19.07.2012
By Simon Miller
Investors continue to jump to "safe-haven" government bonds as fears grow over the eurozone.
Following a warning from the International Monetary Fund yesterday that the eurozone was in "critical condition", investors have pushed French, Austrian and Belgian government bonds to all-time lows.
French ten-year yields fell to 2.053% while Austrian bonds dropped to 1.835%. Belgium ten-year also fell to a record low of 2.446% this morning.
The IMF called on the European Central Bank to provide further defences against an escalation of the crisis which could include policies to support demand in the short run and fend off downside risks to inflation, as well as measures to ensure monetary transmission, currently impaired by financial stress in some countries.
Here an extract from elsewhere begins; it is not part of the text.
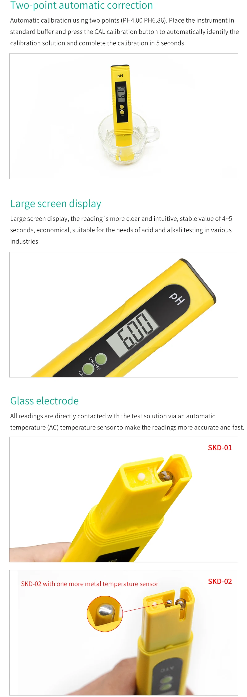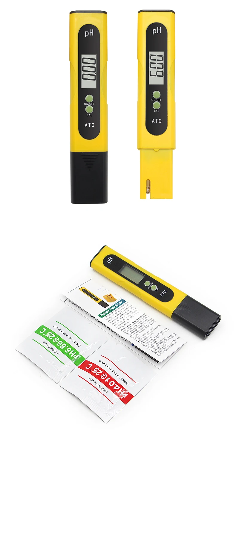 Авто Калибровка:Особенности встроенной калибровки с 2 буферными порошками (в комплекте). Просто нажмите кнопку, чтобы закончить калибровку. Этот измеритель pH откалиброван фабрикой. Используйте rs можно использовать напрямую.

It continued: "And to further strengthen its financial markets role, the ECB could also be given explicit responsibility for financial stability and full lender-of-last-resort functions, thereby eliminating bank-sovereign linkages present in the current Emergency Liquidity Assistance scheme."
Meanwhile, Spain has got away €3bn of debt in auctions this morning despite rising yields and falling interest.
Investors' bids on the €2.98bn of short- to medium-term government bonds saw five-year paper worth 2.1 time the amount offered compared with 3.4 times at the last auction while the seven-year bond saw interest at 2.9.
The yields for the 2014 bond was 5.204 compared with 4.335 at the last auction while the 2019 bond saw a 6.701% average yield, up from 4.832. The 2017 bond also saw yield up from 6.072% to 6.459%.